> _EXERCISE PROMPT_
All lines below between the line with "ตักใส่ใบตอง หรือฟอยส์ โรยด้วยใบแมงลัก พริกสด" and the line with "Правописание дефиса в наречиях", including both, must be copied exactly, and the pictures must be omitted.

▬▬▬

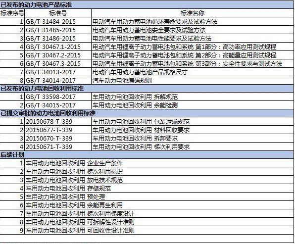 目前,關于動力電池產品國家標準主要有8項,集中規(guī)范了動力電池性能測試要求與方法、動力電池安全性測試要求與方法。關于動力電池回收利用的標準,已發(fā)布的標準有2項、已提交審批的標準有4項目,還有9項后續(xù)計劃出臺的標準。
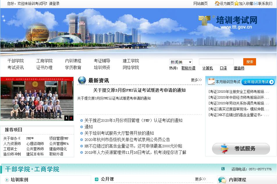 杭州培训考试网(www.ttt.gov.cn)创建于2002年,是一家立足杭州,服务全国的专业性门户网站,旨在为社会各类人员参加培训考试提供全面、及时、权威的供求信息的同时,为各考试培训机构建立一个快速准确的信息发布平台,为广大求知者提供一个方便快捷的学习途径。网站提供的主要内容:考试信息:提供各类公务员考试、职称考试、职业考试、执业考试等最新动态;培训信息:提供各类紧缺人才培训、高层次人才培训、企业内训、公务员培训、各类考试配套培训等最新动态;学历教育:提供各专业、多层次如:高升专、专升本、研究生等学历教育信息;网上报名:提供网上填报名表、网上打印报名表、网上打印准考证、网上查考分、网上购书、网上交费等全方位网上报名服务;考分查询:提供各类考试的成绩查询;考培论坛:提供一个考试培训需求者和考试培训提供者之间沟通、交流的平台;远程教育:提供丰富的远程教育资源,供学员在线学习。同时,杭州培训考试网也真诚期望与各机构倾力合作,共同制作、发布一些高品质、满足学员在线学习需求的远程课件 ;紧缺人才库:提供紧缺人才、高层次人才资源,是企业选聘人才的点将台;经过勤奋而精心地搜集、筛选和整理, 为您提供高效而有针对性的帮助和服务, 在您困难和疑惑的时候, 成为您的良师益友。 希望通过我们不懈努力, 也通过您的光顾和回馈, 汇聚起日益庞大的、目前和未来在中国考试培训行业最具发展潜力的稳定的顾客群体。竭诚欢迎广大考生和各界朋友成为我们网络考试培训事业的支持者、参与者、指导者。
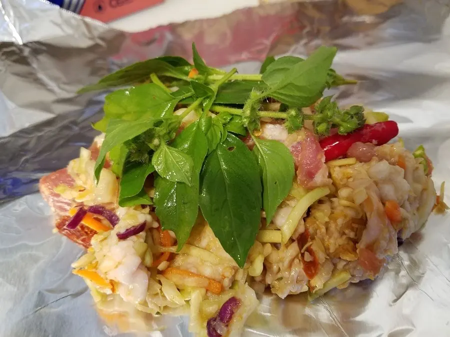 ตักใส่ใบตอง หรือฟอยส์ โรยด้วยใบแมงลัก พริกสด
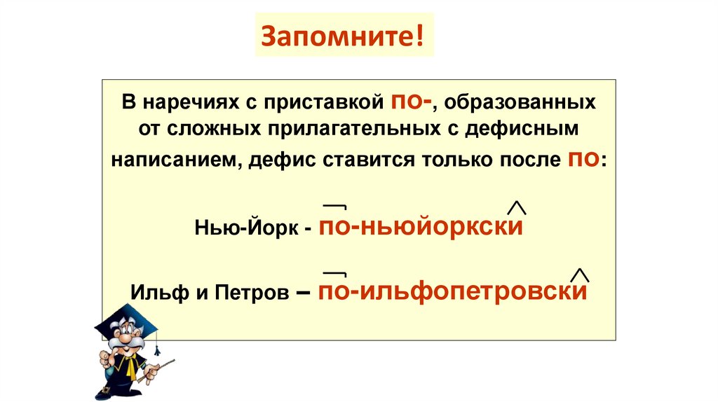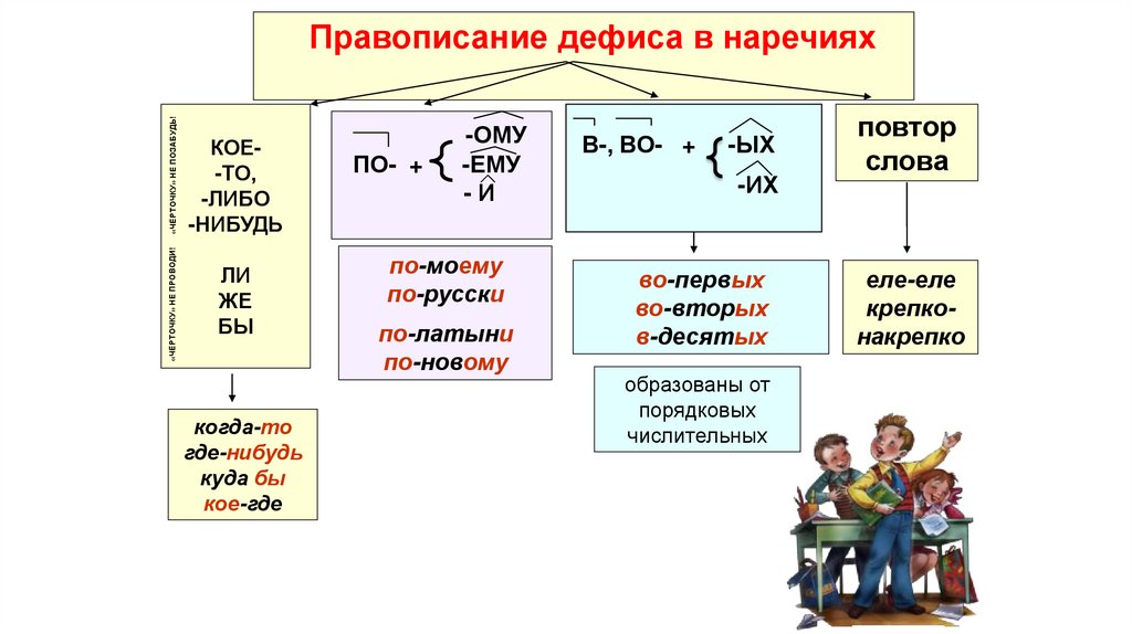 Правописание дефиса в наречиях
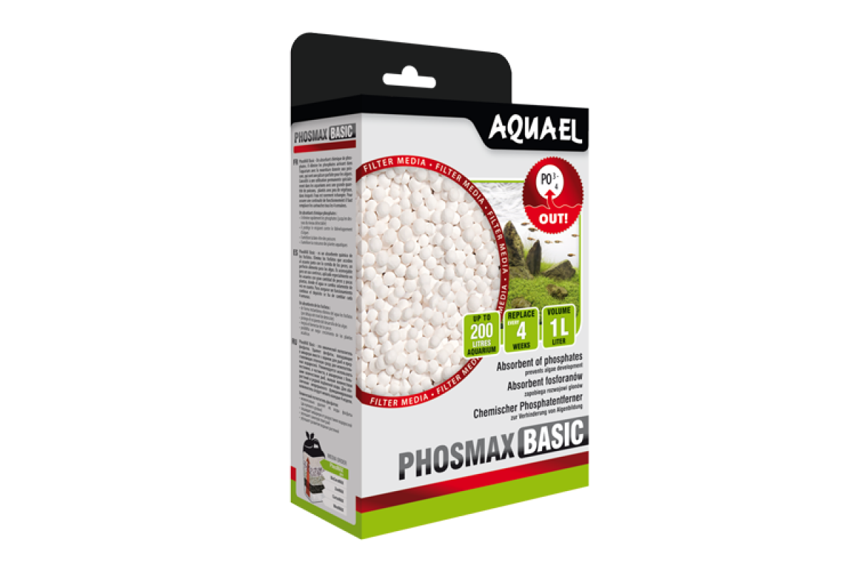 <p style="">Что такое PhosMAX Basic?<br>PhosMAX Basic это уникальный наполнитель, предназначенный для химической фильтрации в пресноводных аквариумах и в террариумных бассейнах. Имеет форму гравия и обладает очень большими впитывающими свойствами. Служит для химической абсорбции распущенных в воде фосфатов, которые являются одной из главных причин развития в аквариуме нежелательных водорослей.<br>Как действует PhosMAX Basic?<br>Уникальные химические соединения, использованные в PhosMAX Basic, обладают прекрасными сорбционными свойствами. Они поглощают из воды растворённые в ней фосфат-ионы, тем самым эффективно предотвращают развитие водорослей.<br>Где и когда используется PhosMAX Basic?<br>PhosMAX Basic отлично подходит в качестве фильтрующего слоя для канистровых фильтров, переливных фильтров и внутренних фильтров со сменным наполнитель (например, TURBOFILTER), а также для сампов и фильтрационных колонок. Особенно рекомендуется для аквариумов с большим количеством рыб, питающихся кормом животного происхождения (например, большие цихлиды, сомы), а также лишённых растений, являющихся натуральными абсорбентами фосфата. Использование PhosMAX Basic позволяет ограничить объём и частоту подмены воды, а также предотвращает рост водорослей в аквариуме.<br>Одна упаковка PhosMAX Basic – 1 литр, обеспечивает фильтрацию в примерно 200 литровом аквариуме в течение почти 30 дней.<br>Как использовать PhosMAX Basic?<br>PhosMAX Basic сразу готов к использованию и не требует промывки или каких-либо других дополнительных действий. Содержимое упаковки следует разместить в корзине или камере фильтра. С целью обеспечения оптимальных результатов использования рекомендуется расположить наполнитель PhosMAX Basic за наполнителями для механической и биологической фильтрации.<br>Как долго действует PhosMAX Basic?<br>Способ действия наполнителя PhosMAX Basic (сорбция) является причиной того, что он подвергается постепенному заполнению и израсходованию. С целью сохранения оптимальных фильтрационных свойств необходимо менять его не реже, чем каждые 4 недел</p> <p></p>Характеристики
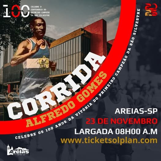 Estão abertas as inscrições para a Corrida Alfredo Gomes, que será realizada no dia 23 de novembro, em Areias (SP). O evento esportivo celebra os 100 anos da conquista de Alfredo Gomes, o primeiro campeão da tradicional Corrida de São Silvestre, realizada em 1925.
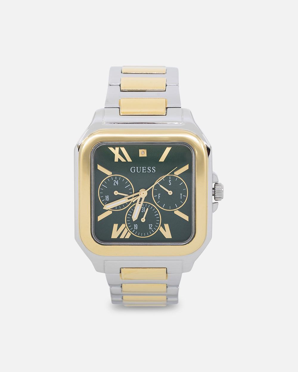 Top your look with this classic timepiece from Guess. The blend of metals on the gold and silver-toned stainless steel bracelet paired with an emerald green dial is the perfect way to take your fit to the next level and add a touch of luxury to your look. Practical as well this watch features water resistance up to 30m so you know it's ready to take on whatever the day throws at you.
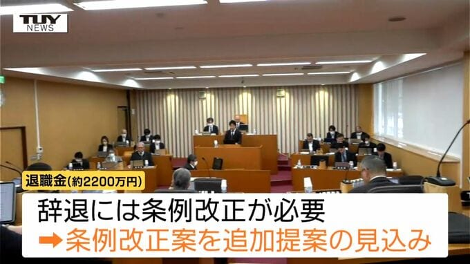 西川町によりますと、退職金はおよそ2200万円あまりで退職金を辞退するためには条例を改正する必要があり、今後、条例改正案が追加で提案される見込みだということです。
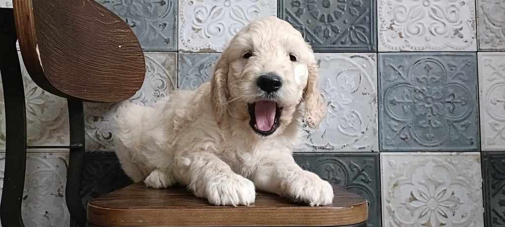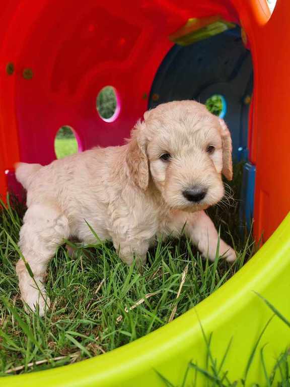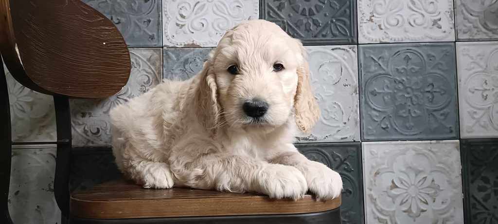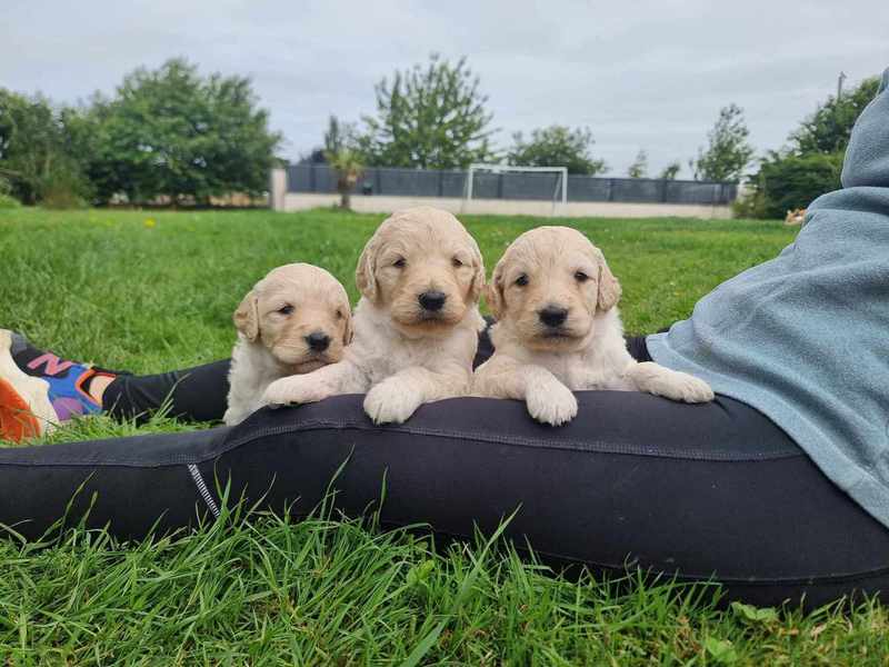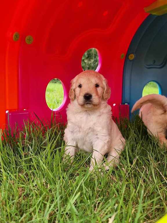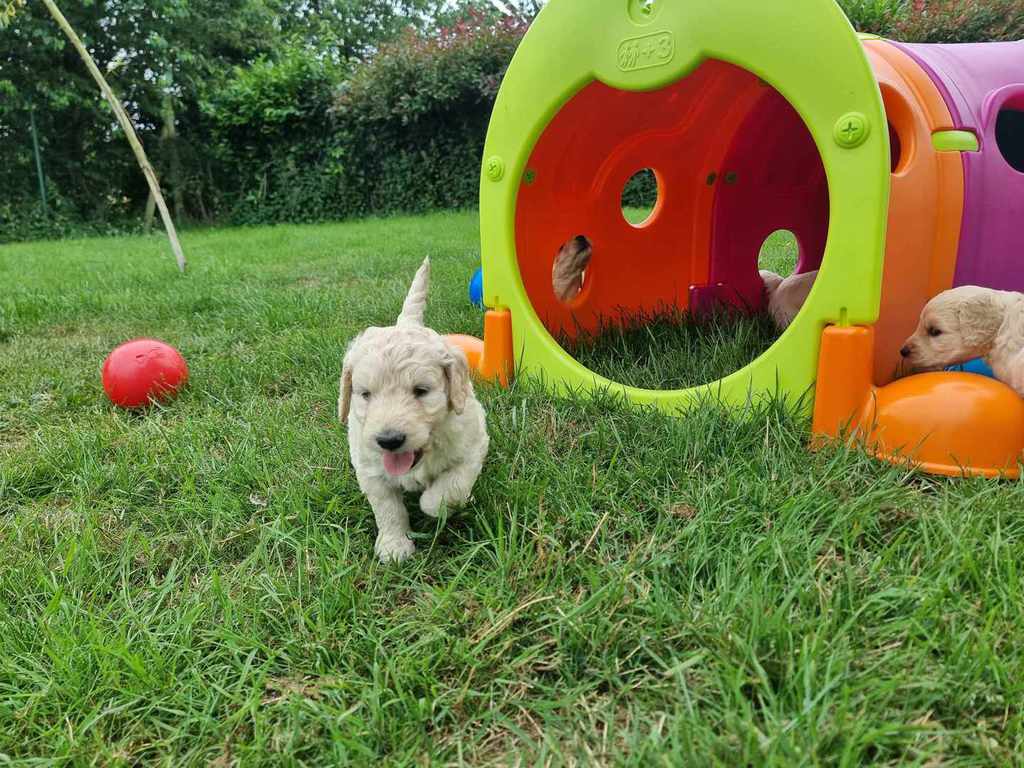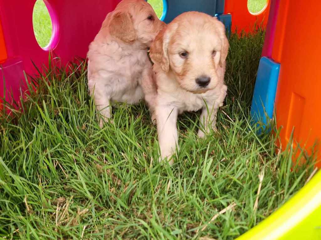 Nos GoldenDoodle sont de taille Standard (environ la taille d'un Golden Retriever, mais en plus fin et plus léger).
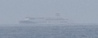 18時、沖合に船が見えた。明日乗る新日本海フェリーの新潟行きのようです。
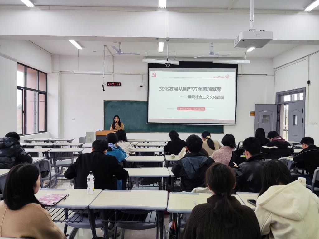 会上,孙美兰老师以《文化发展从哪些方面愈加繁荣——建设社会主义文化强国》为题进行教学展示。结合丰富的案例和数据,孙老师多角度展示了建国75周年来文化发展的成就。展示完毕后,教研室老师围绕教学环节设置、教学案例选取等展开讨论。曾骏指出要以问题链式的形式呈现授课内容,引导学生思考。万露露认为教学中可以选取重点案例讲深讲透。还有教师提议通过李子柒传播中华优秀传统文化的案例来增强学生的文化自信。
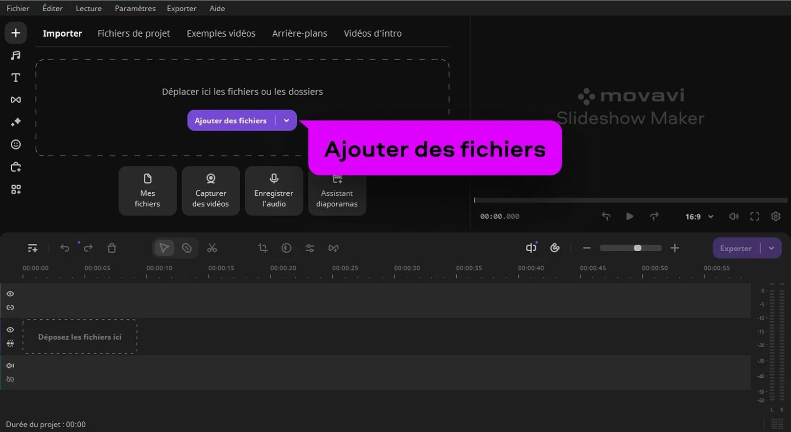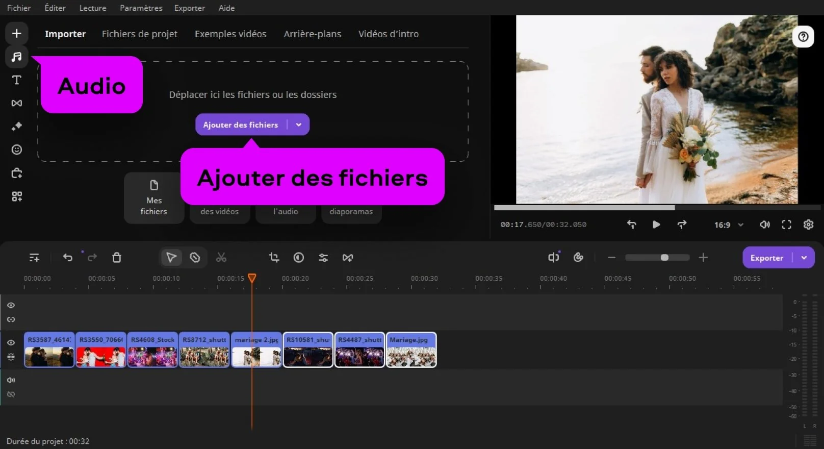Choisissez vos photos et vidéos et ajoutez-les à la chronologie en une seule fois en cliquant sur le bouton Ajouter des fichiers, quel que soit le nombre de photos et la longueur de vos vidéos.
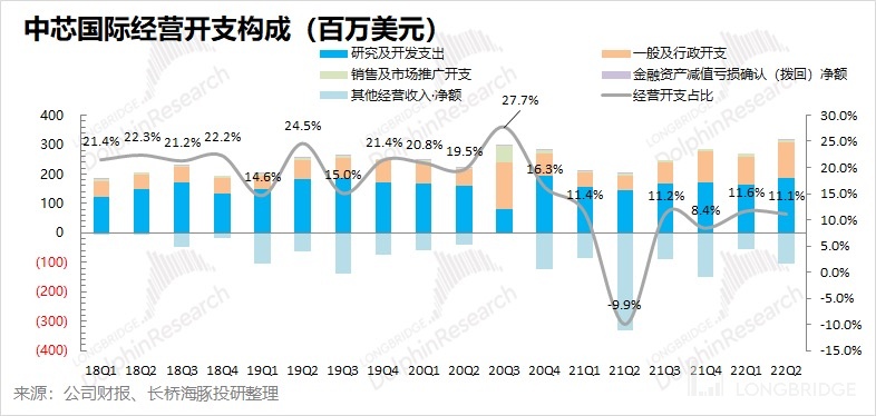 从经营开支角度看,本季度中芯国际经营开支是 2.11 亿美元,环比基本持平。

▬▬▬

> _TASK RESULT_
 ตักใส่ใบตอง หรือฟอยส์ โรยด้วยใบแมงลัก พริกสด
 Правописание дефиса в наречиях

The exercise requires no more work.